[[ DATA SECTION, beginning ]]
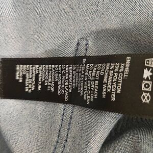Armpit to armpit is 17 inches unstretched, waist is 28 inches unstretched, rise is 13 inches and the inseam is 32 inches. 2 front pockets and 2 back pockets. Snap and zipper closure. Cotton/polyester/spandex blend. Excellent condition. Open to reasonable offers.
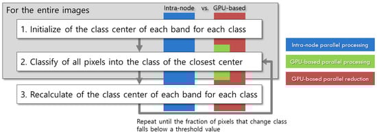 Initializing and updating class centers requires more complex designs be used for GPU-based parallel processing. Initialization requires searching the minimum and maximum values of all pixels, and updating requires summing all pixel values for each band of each class along with the counts of the pixels in each class. This kind of operation utilizes an array of numerous values to produce a single output and is referred to as “reduction”. In the intra-node parallel processing, data can be divided into several sub-sections, and each section can be serially reduced by each CPU core. Here, a serial reduction is defined to iterate through the entire array, performing the reduction on pairs of elements, and updating the accumulator until the result is obtained. However, this approach is not well suited for the massively parallel architecture of a GPU. Because each ALUs is not fast as a CPU core, it should be applied to finer pieces of tasks. Thus, a parallel reduction is conducted in the fashion that each ALU performs a summation or logical operation for finer entities. This procedure is iteratively performed for the results until a single result is derived. However, as the iteration goes on, the number of ALUs participating in the operation decreases exponentially. It is important to make as many ALUs still participate in the reduction. Parallel reduction has been sufficiently studied to enhance procedural efficiency based on CUDA []. In this study, sequential addressing, a middle-optimized parallel reduction among the relevant approaches (Figure 5), was applied to the following procedures in Figure 6.
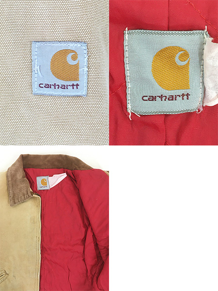 キッズ 古着 80s- Carhartt レッド キルティング ライナー ブラウン ダック デトロイト ジャケット ポケットなし 7歳位
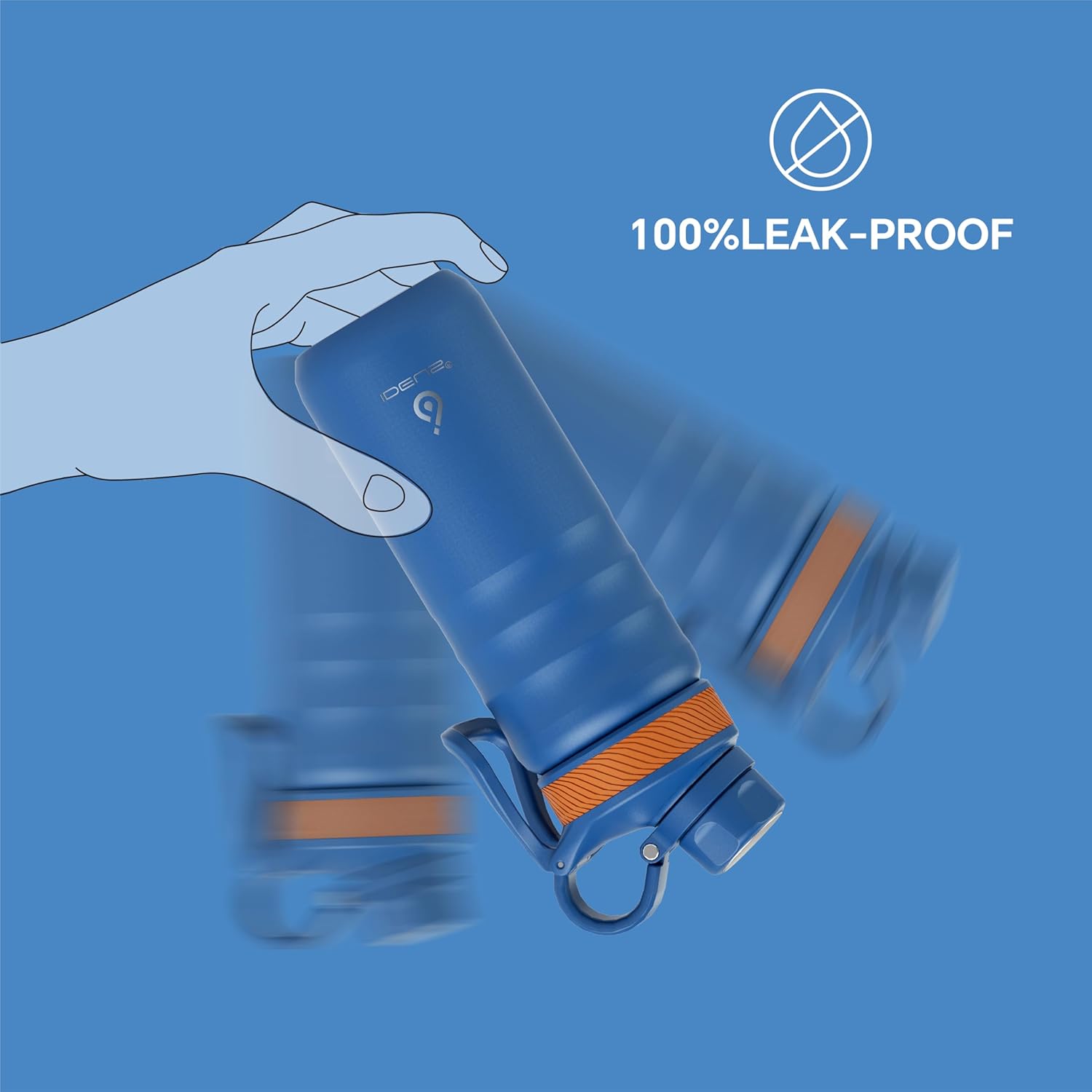 IDEUS Insulated Stainless Steel Water Bottle with 2 Leak-Proof Lids, Thermal Water Flask for Hiking Biking, 18oz, Bright Blue
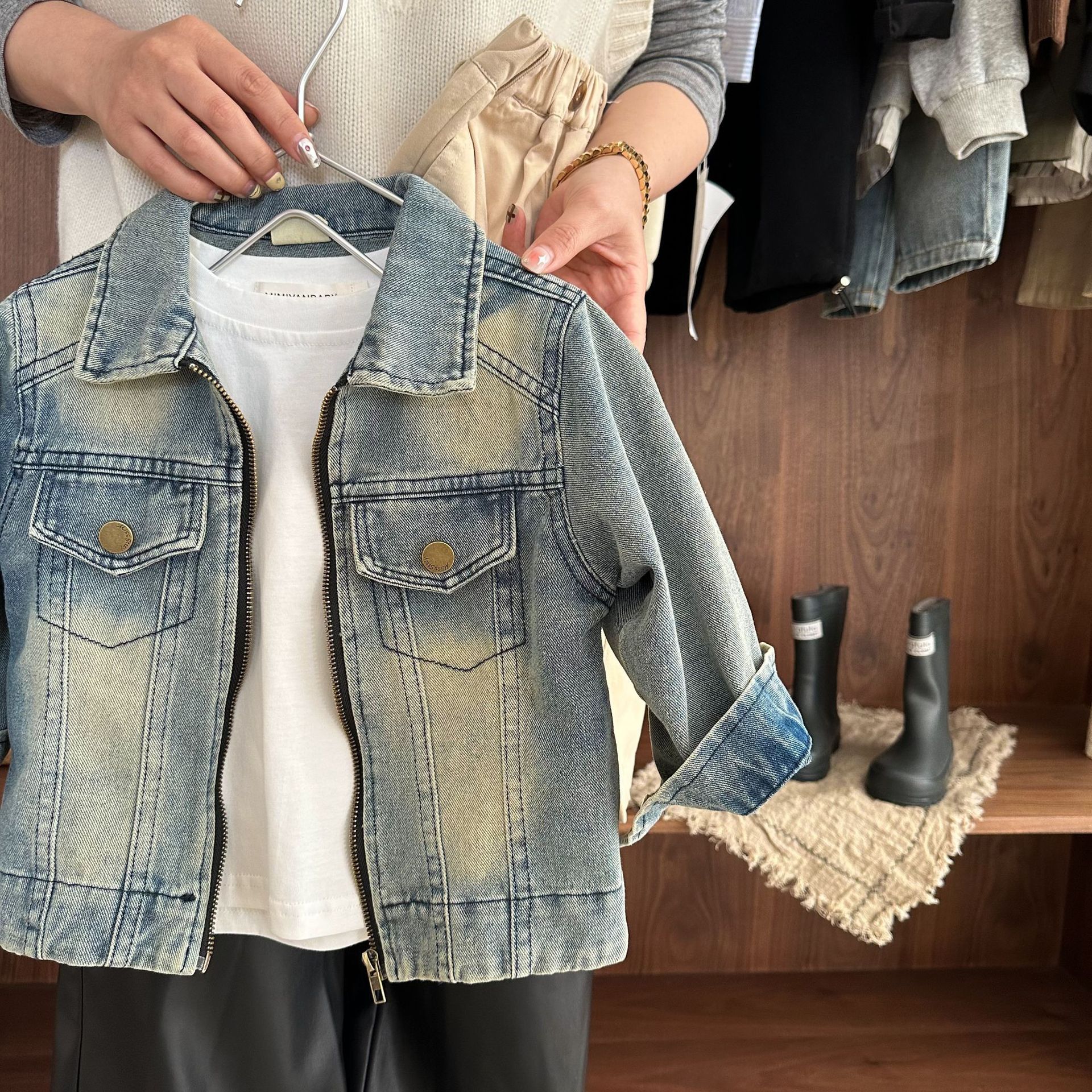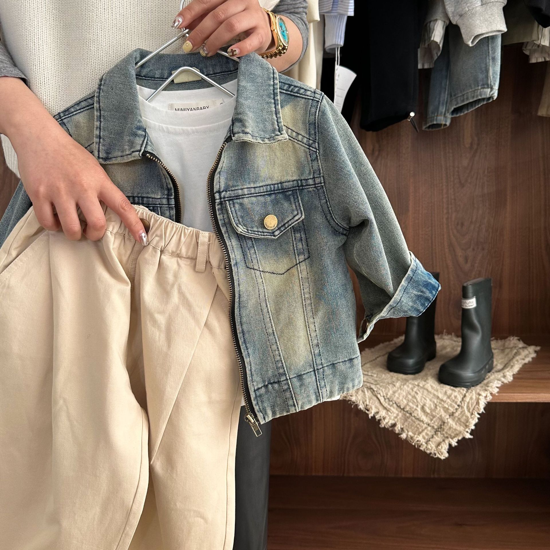 | nameOriginal | Children's Denim Coat 2024 Autumn New Boys and Girls Vintage Denim Coat Baby All-match Zipper Top |
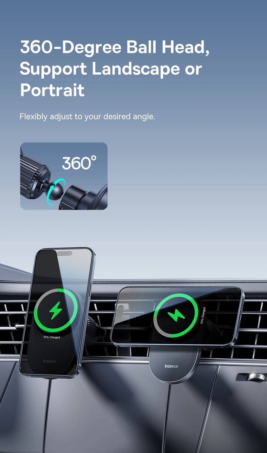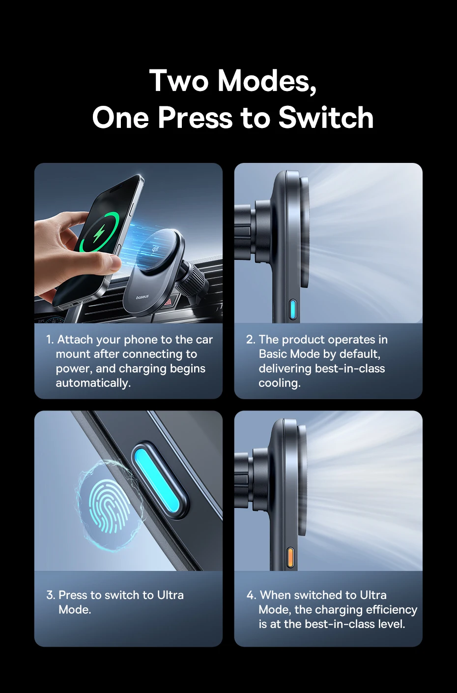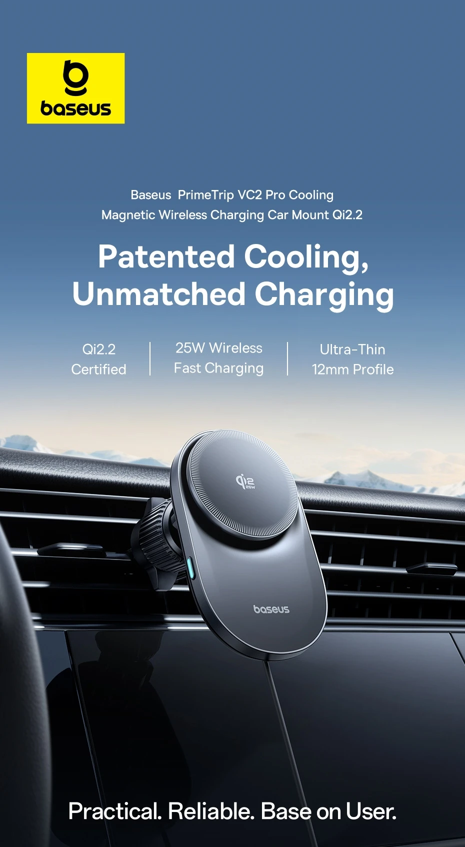 "Baseus Car Magnetic Wireless Charger 25W Fast Charging for iPhone 17/16 Pro Max & Samsung | Qi2.2 Wireless Car Phone Holder with Cooling Fan"
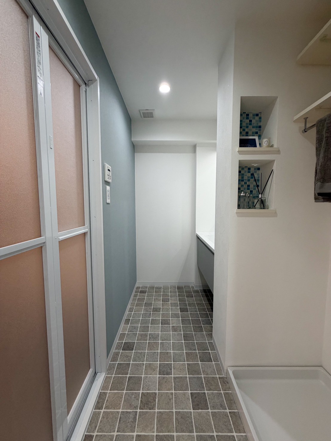 パイプスペースの壁には洗剤も置けるサイズのニッチを加えました!
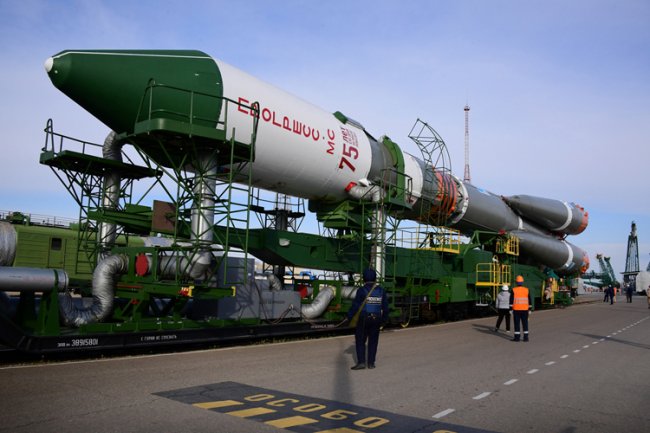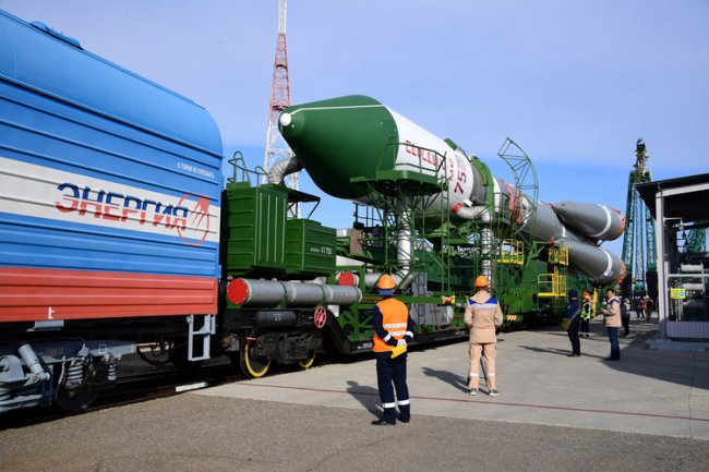 Государственная корпорация Роскосмос сообщает о том, что сегодня, 22 апреля 2020 года, ракета-носитель «Союз-2.1а» с грузовым кораблём «Прогресс МС-14» была вывезена из монтажно-испытательного корпуса и установлена на стартовом комплексе площадки № 31 космодрома Байконур.
[[ DATA SECTION, end ]]
WHAT THE EXERCISE ASKS →
If a line falls between the one containing "キッズ 古着 80s- Carhartt" and the last line of the entries above, both included, reproduce it exactly; leave the pictures out.

WRITTEN ANSWER →
 キッズ 古着 80s- Carhartt レッド キルティング ライナー ブラウン ダック デトロイト ジャケット ポケットなし 7歳位
 IDEUS Insulated Stainless Steel Water Bottle with 2 Leak-Proof Lids, Thermal Water Flask for Hiking Biking, 18oz, Bright Blue
 | nameOriginal | Children's Denim Coat 2024 Autumn New Boys and Girls Vintage Denim Coat Baby All-match Zipper Top |
 "Baseus Car Magnetic Wireless Charger 25W Fast Charging for iPhone 17/16 Pro Max & Samsung | Qi2.2 Wireless Car Phone Holder with Cooling Fan"
 パイプスペースの壁には洗剤も置けるサイズのニッチを加えました!
 Государственная корпорация Роскосмос сообщает о том, что сегодня, 22 апреля 2020 года, ракета-носитель «Союз-2.1а» с грузовым кораблём «Прогресс МС-14» была вывезена из монтажно-испытательного корпуса и установлена на стартовом комплексе площадки № 31 космодрома Байконур.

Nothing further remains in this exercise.